The US, European Union and China together represent about 28% of the global population, but are responsible for 56% of historic emissions (926 gigatonnes) . The pathways compatible with 1.5°C give them a remaining carbon budget of 243 Gt CO₂. China would require the largest carbon budget to reach decarbonisation.
For this to happen, by 2050, the world would have to be 100% powered by clean sources and phase out fossil fuel use. This would limit global warming to around 1.5°C, with a certainty of just over 50%. We would also have to end deforestation within the same timeframe.
Emissions peak – are we there yet?
Emissions of carbon dioxide and other greenhouse gases have still not plateaued, despite sharply increasing renewable electricity generation, battery storage and lower-cost electric vehicles.

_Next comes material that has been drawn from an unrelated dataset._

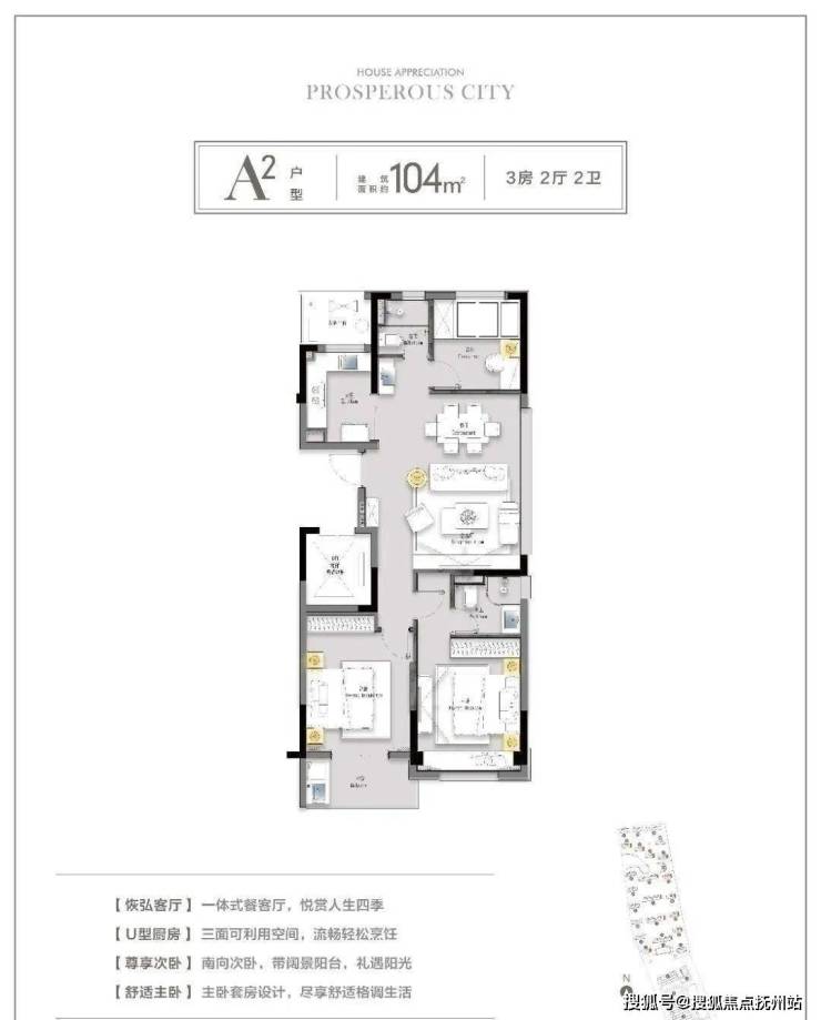 建面约104㎡是三房两厅两卫户型,为边套。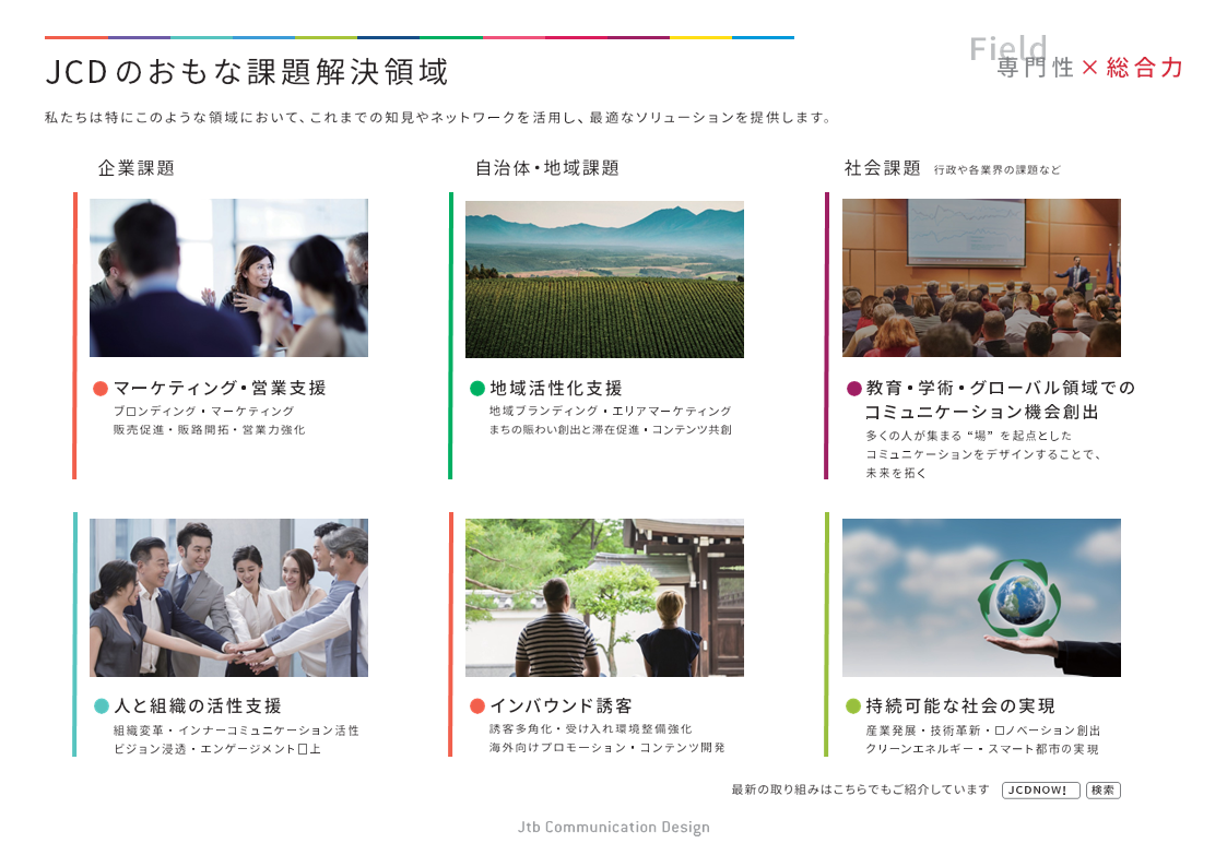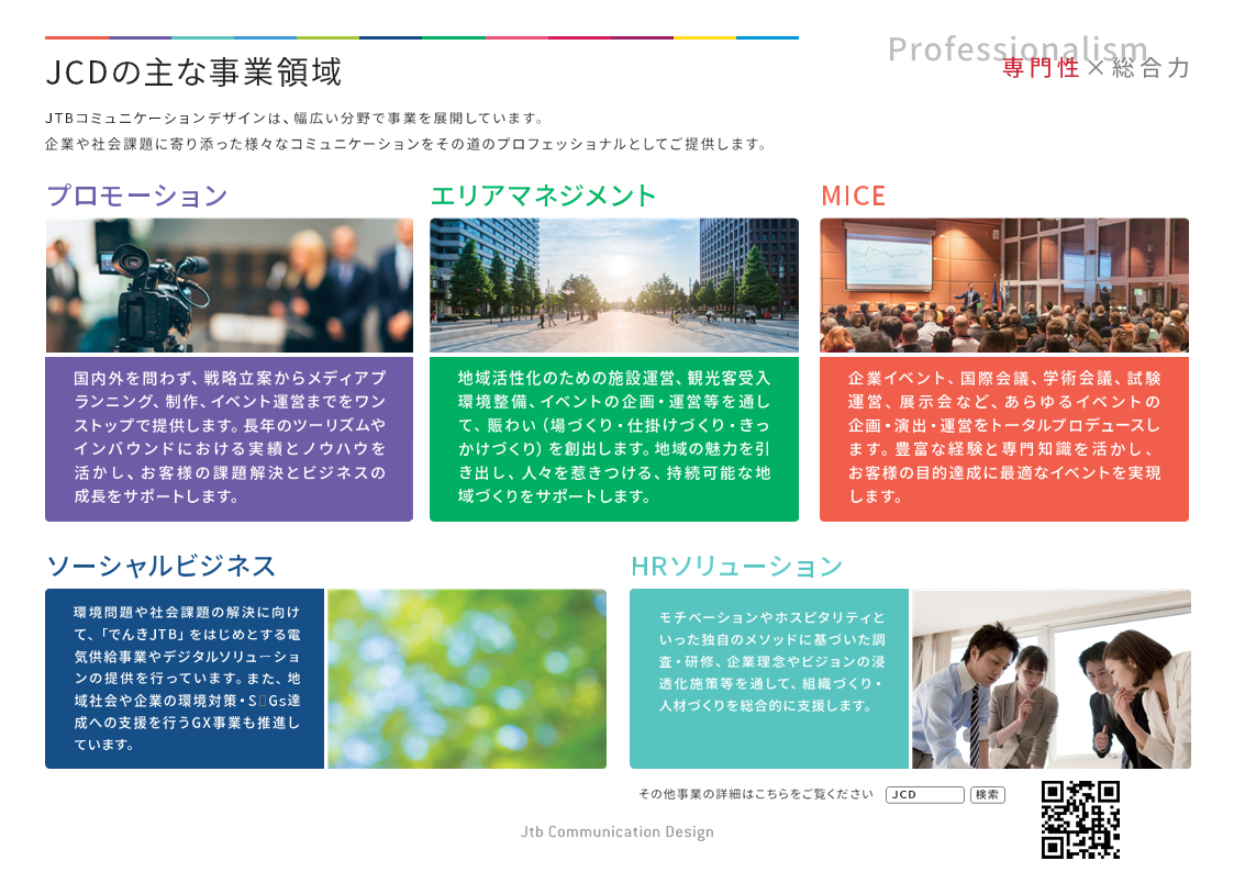 JTBコミュニケーションデザイン(JCD)は、コミュニケーション領域のプロフェッショナルとして、プロモーション・地域活性・MICE・組織人材開発・コンテンツ創出など幅広い分野で事業を展開しています。

But there has been real progress. The EU says its emissions fell by 8.3% in 2023 compared to 2022. Europe’s net emissions are now 37% below 1990 levels, while the region’s GDP grew 68% over the same period. The EU remains on track to reach its goal of reducing emissions by at least 55% by 2030.
Australia’s emissions fell by 0.6% last year. The country is now 28.2% below June 2005 levels, which is the baseline set for its Paris Agreement goal of a 43% reduction by 2030.
In the US, emissions are still below pre-pandemic levels and remain about 20% below 2005 levels. Since peaking in 2004, US emissions have trended downward.
The world’s largest emitter, China, is finally cutting its emissions. Huge growth in renewables has now led to the first emissions drop on record, despite surging demand for power. This is good news. For years, China’s domestic emissions remained high despite its leading role in solar, wind, EVs and battery technology.
China produces almost one-third (31%) of the world’s energy-related carbon emissions – not least because it is the workshop of the world. Every cut China makes will have a major global effect.
According to the IPCC, limiting warming to around 1.5°C requires global emissions to peak before 2025 at the latest. It now looks like the peak may occur this year.
Despite daily negative news, the decarbonisation train has left the station. In 2024, renewables accounted for more than 90% of growth in electricity production globally. Electric vehicles became cost competitive, while heat pumps are developing fast and solar is on a winning streak.
So, is it too late to save the climate? No. The technologies we need are finally cheap enough. The sooner we stop climate change from worsening, the more disasters, famine and death we avert. We might not manage 1.5°C or even 2°C, but every tenth of a degree counts. The faster we make the shift, the better our climate future.